Hugo Cabret diviene così la favola dell’ingranaggio nella sua stupefacente e inaspettata visibilità. Se ipotizzassimo una sua ontologia dovremmo immaginare l’ingranaggio come sempre nascosto e sfuggente, alterabile soltanto da chi ne conosce i segreti. Colui che è specializzato in creazioni e/o riparazioni, ovvero chi conosce il mestiere, condensa, nelle proprie abilità, lo sviluppo di magie e segreti tramandabili soltanto alla persona che sarà in grado di avere le stesse capacità. Scorsese capovolge tutto ciò per mostrarci il cinema agli albori, un’arte allo stato nascente nella primordialità dei suoi ingranaggi.

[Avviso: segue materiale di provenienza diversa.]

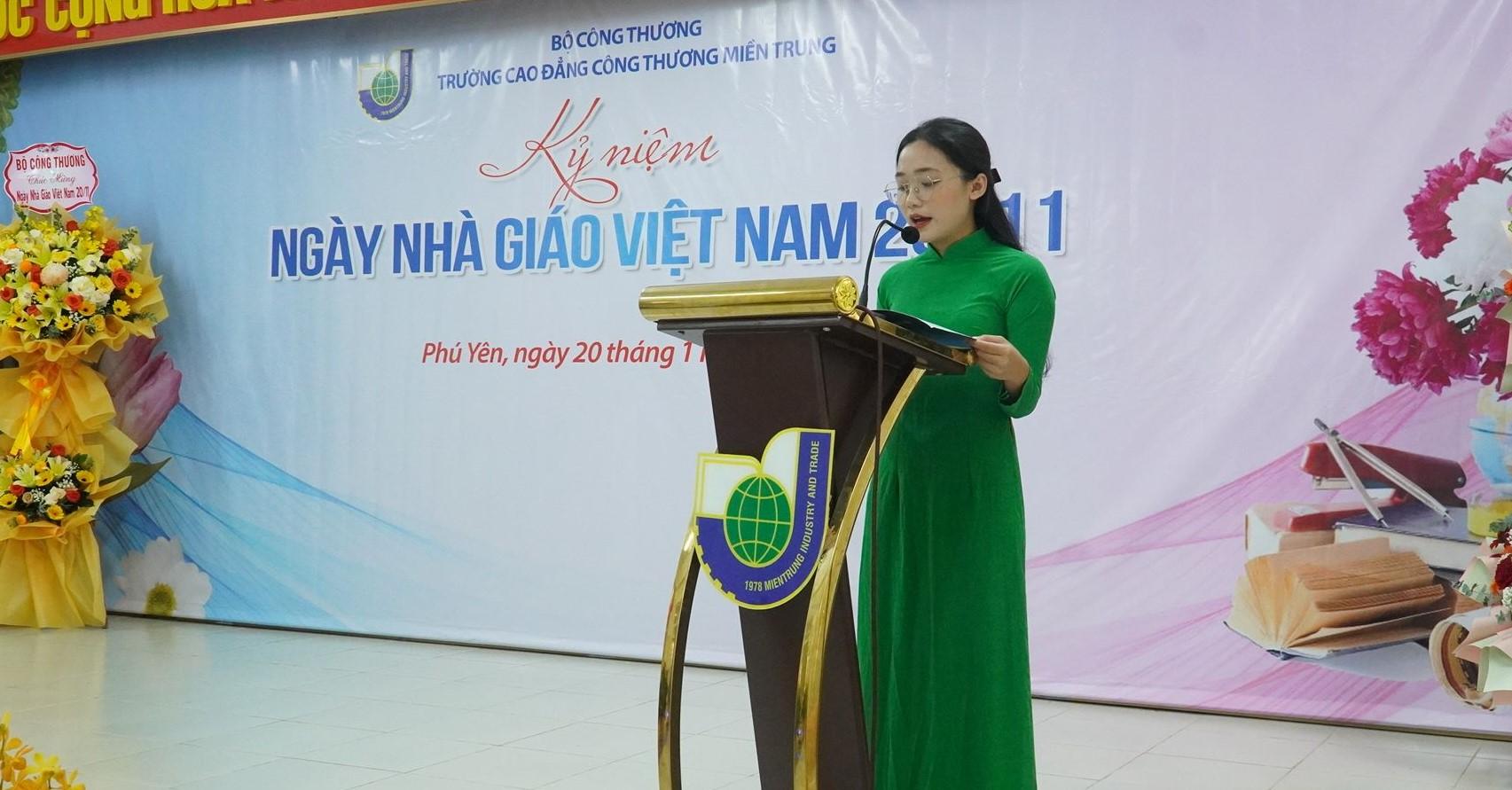 Chương trình kỷ niệm 41 năm Ngày Nhà giáo Việt Nam được tổ chức hàng năm tại Trường Cao đẳng Công Thương miền Trung với ý nghĩa tôn vinh và tri ân những lãnh đạo, nguyên lãnh đạo, cán bộ giảng viên, nhà giáo đã và đang công tác tại trường. Đây là một ngày lễ lớn để thầy và trò nhìn lại những kết quả, thành tích đã đạt được của Nhà trường trong một năm vừa qua.

Il regista ci indica, in una Parigi 3D, un cinema dal sapore retrò e romantico. Il film Hugo Cabret è un omaggio e un ringraziamento da parte di uno dei più grandi registi viventi. Da mago a cineasta Georges Méliès si trasfigura, da mero illusionista, nell’artefice di costruzioni filmiche, tangibili e fantastiche, che uniscono sogni realistici e realtà sognanti. Quella di Scorsese è dunque, la proiezione di un sogno realizzato: la fiaba del cinema e dei suoi primi ingranaggi attraverso l’automa Méliès e l’ingranaggio Cabret. Il messaggio segreto dell’automa scompare per far spazio alla meraviglia dell’occhio artistico e non ancora accecato del cinema.